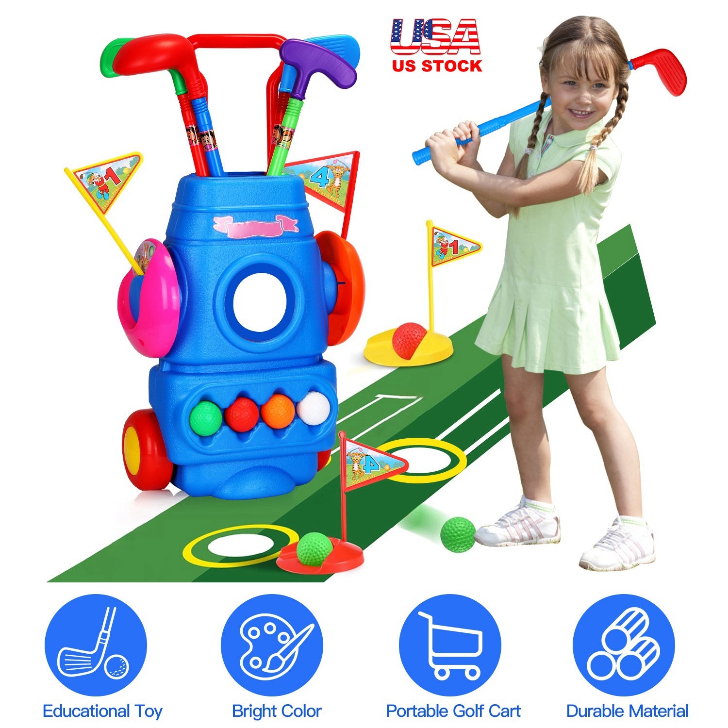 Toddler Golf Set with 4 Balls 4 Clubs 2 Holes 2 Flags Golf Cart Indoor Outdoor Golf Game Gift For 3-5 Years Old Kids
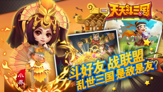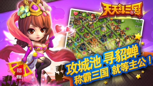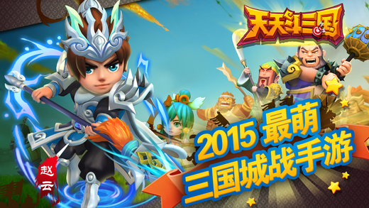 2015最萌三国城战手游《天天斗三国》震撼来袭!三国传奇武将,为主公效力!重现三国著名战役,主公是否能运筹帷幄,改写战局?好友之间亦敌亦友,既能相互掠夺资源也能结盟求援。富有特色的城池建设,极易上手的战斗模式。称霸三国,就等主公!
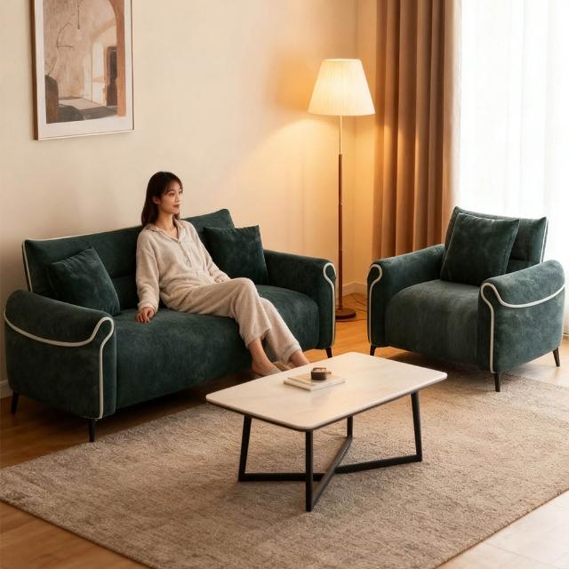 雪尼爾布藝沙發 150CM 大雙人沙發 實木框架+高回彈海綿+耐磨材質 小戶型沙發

========================

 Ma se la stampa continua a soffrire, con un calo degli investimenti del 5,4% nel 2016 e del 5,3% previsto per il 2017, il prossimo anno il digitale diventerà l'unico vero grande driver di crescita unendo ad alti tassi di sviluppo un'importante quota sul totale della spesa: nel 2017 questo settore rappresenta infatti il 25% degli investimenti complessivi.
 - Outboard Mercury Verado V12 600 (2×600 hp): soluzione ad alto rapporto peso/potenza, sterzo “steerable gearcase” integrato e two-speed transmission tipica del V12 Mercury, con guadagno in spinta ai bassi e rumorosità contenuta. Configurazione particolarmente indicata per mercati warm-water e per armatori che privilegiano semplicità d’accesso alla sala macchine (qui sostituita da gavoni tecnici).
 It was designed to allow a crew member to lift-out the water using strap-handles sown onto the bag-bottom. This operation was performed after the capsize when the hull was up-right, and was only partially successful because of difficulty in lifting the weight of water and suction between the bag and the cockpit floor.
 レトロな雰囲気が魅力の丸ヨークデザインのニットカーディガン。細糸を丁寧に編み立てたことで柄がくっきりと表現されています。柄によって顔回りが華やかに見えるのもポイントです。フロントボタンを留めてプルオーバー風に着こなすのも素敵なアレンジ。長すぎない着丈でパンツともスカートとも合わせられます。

========================

WHAT YOU SHOULD DO: With pictures excluded, reproduce exactly the lines above from the one containing "Toddler Golf Set" down to the one containing "2015最萌三国城战手游《天", those two included.

PROBLEM SOLUTION:
 Toddler Golf Set with 4 Balls 4 Clubs 2 Holes 2 Flags Golf Cart Indoor Outdoor Golf Game Gift For 3-5 Years Old Kids
 2015最萌三国城战手游《天天斗三国》震撼来袭!三国传奇武将,为主公效力!重现三国著名战役,主公是否能运筹帷幄,改写战局?好友之间亦敌亦友,既能相互掠夺资源也能结盟求援。富有特色的城池建设,极易上手的战斗模式。称霸三国,就等主公!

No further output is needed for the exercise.